Sometimes life is hard. As you know, I’ve been harping a bit on this this month. Trying to stay faithful to Love and Peace when your heart is broken is a challenge. And you stay faithful by not forcing yourself to work on a bruised brain.

And broken hearts and bruised brains don’t mean that nothing else will happen. There’s no insurance for this, no moratorium on the numbers of blows that can fall. Yesterday, my favorite oldest cousin called to tell me that her former husband, the father of my “nieces” had killed himself. It’s a sad, ugly and brutal story.
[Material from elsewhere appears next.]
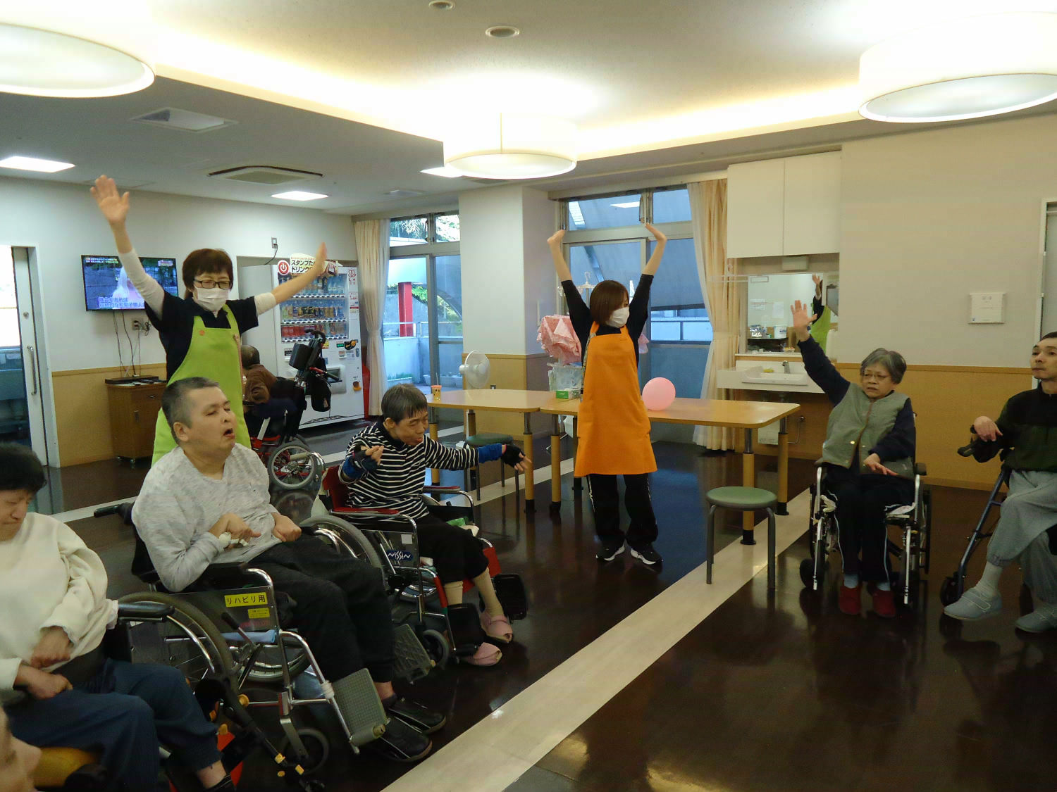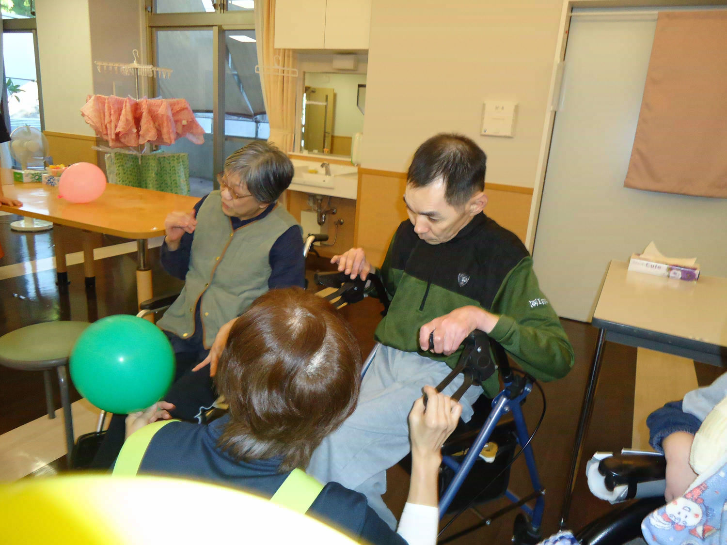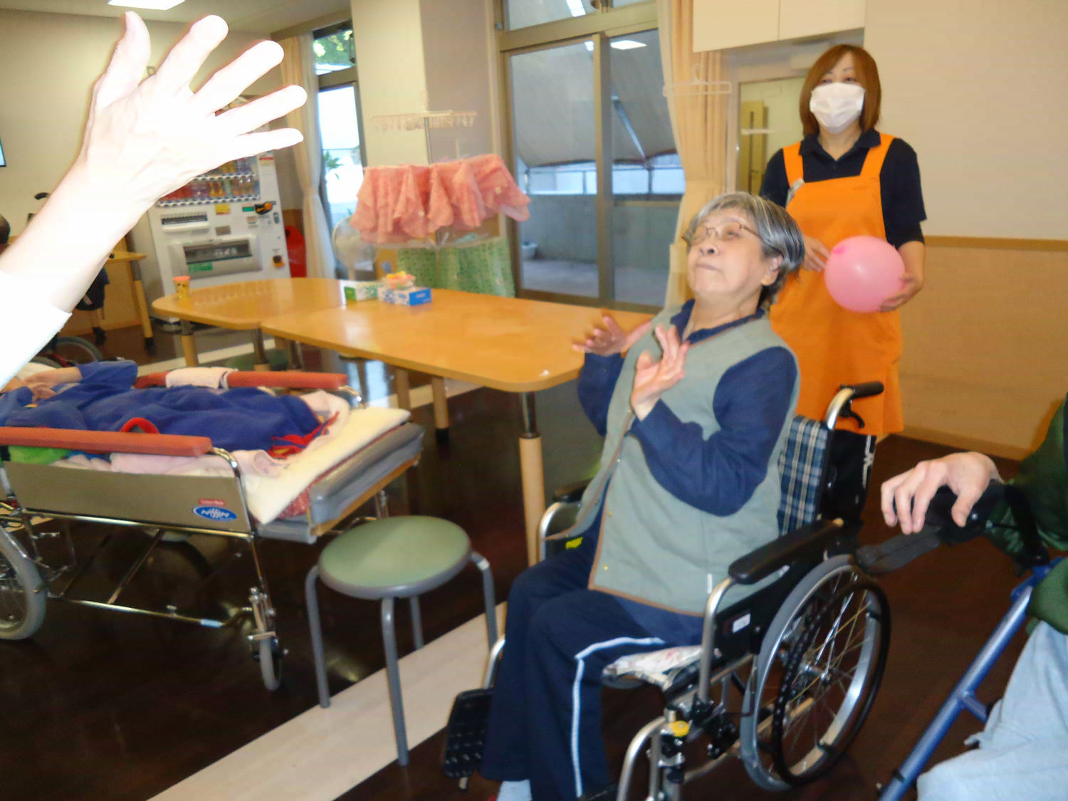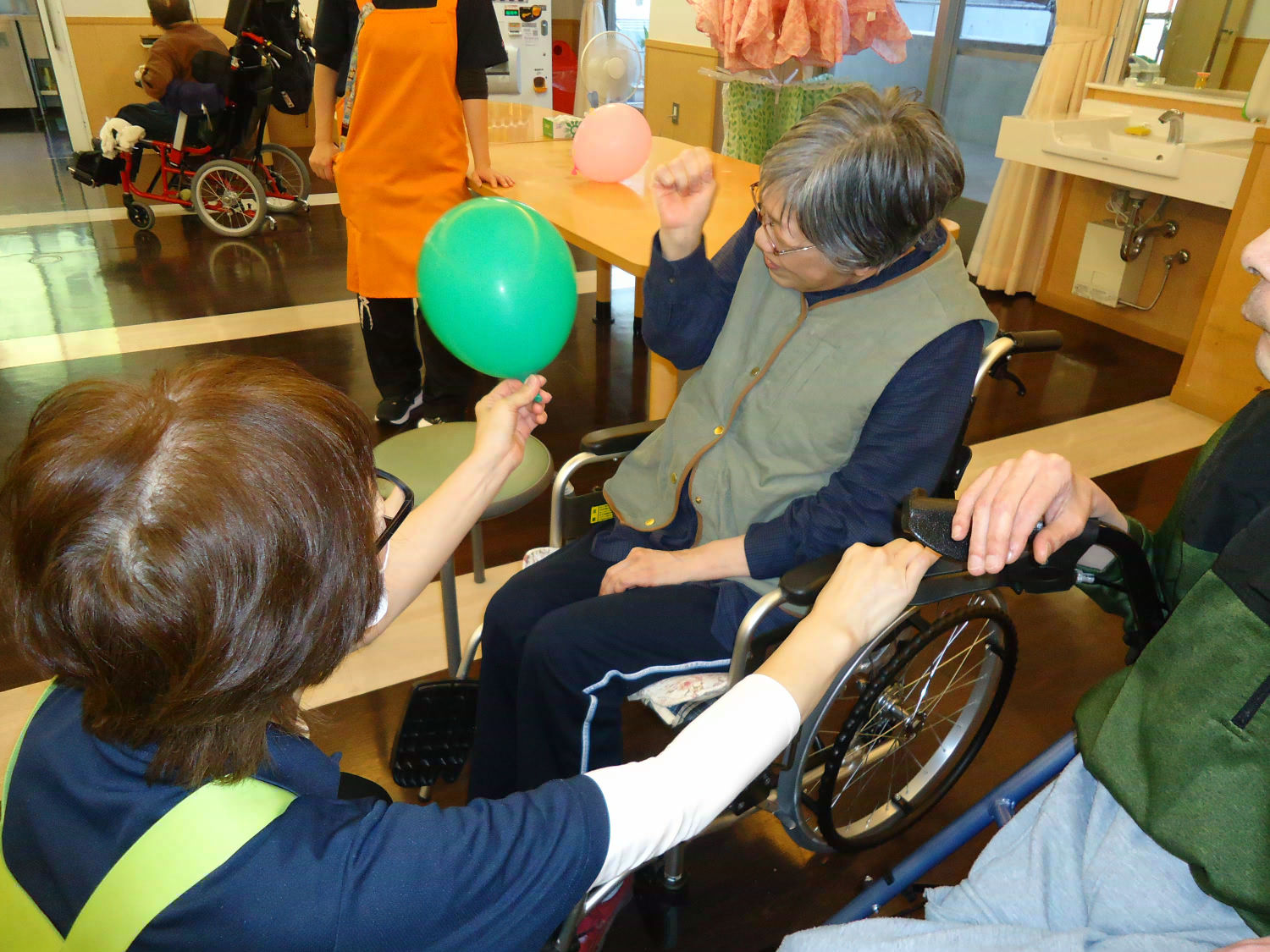 風船バレーの前に、以前研修で教わった≪笑いヨガ≫を利用者さんにしていただき、皆さん大きな口を開けて笑われました。その後の風船バレーも楽しむことが出来ました。

If you’d have asked me if I would have been able to step up and do what was needed, I’d have told you nope. But when the call comes, you pick up the phone. And then you pick it up again and offer the girls your heart. The UUs sing that old spiritual, “There Is More Love, Somewhere.” And somewhere it is. Because it’s there when you need it. And it holds you up and it carries you along. If ever Deb were with me she was with me [i carry your heart with me (i carry it in my heart) — thank you ee cummings] in the placing of that call. She loved those girls. She loved their girls. And so, in my grief, perhaps the love I got is the All Love and the love of Deb. Both girls said, “oh, we didn’t want to bother you.” But Love keeps swelling up and spilling out.

So there is more love, and even in the wasteland of grief, there are oases… and springs in the wilderness. Love. It leads us to Peace — because there’s more of that, too.

PeaceSeptember13

Peace Obscured

It’s somehow shameful in this culture to admit that something is beyond you. “Stick to it!” we say. “Find that can-do spirit.”

But sometimes it all feels overwhelming. And do you know what? Stop! It’s perfectly okay not to be able to manage everything. Not every piece of work is yours to do. It’s important to remember:

  1. We’re not always the right person.
  2. It’s not always the right time for anything to happen. The way may not be clear.
  3. We’re not always in a position to do what needs to be done; we may just be sick and tired and unable to keep moving.
  4. Someone else may have the vision that’s needed at this particular moment.

The need for Peace is never going to go away. But you have to be aware and rested to participate in the struggle. And if you’re tired? You should rest. And if you’re confused. Sit down let the clouds pass… and maybe someone will wander by with the answer. Or you can figure out where you might go to get the answer. No sense flailing about!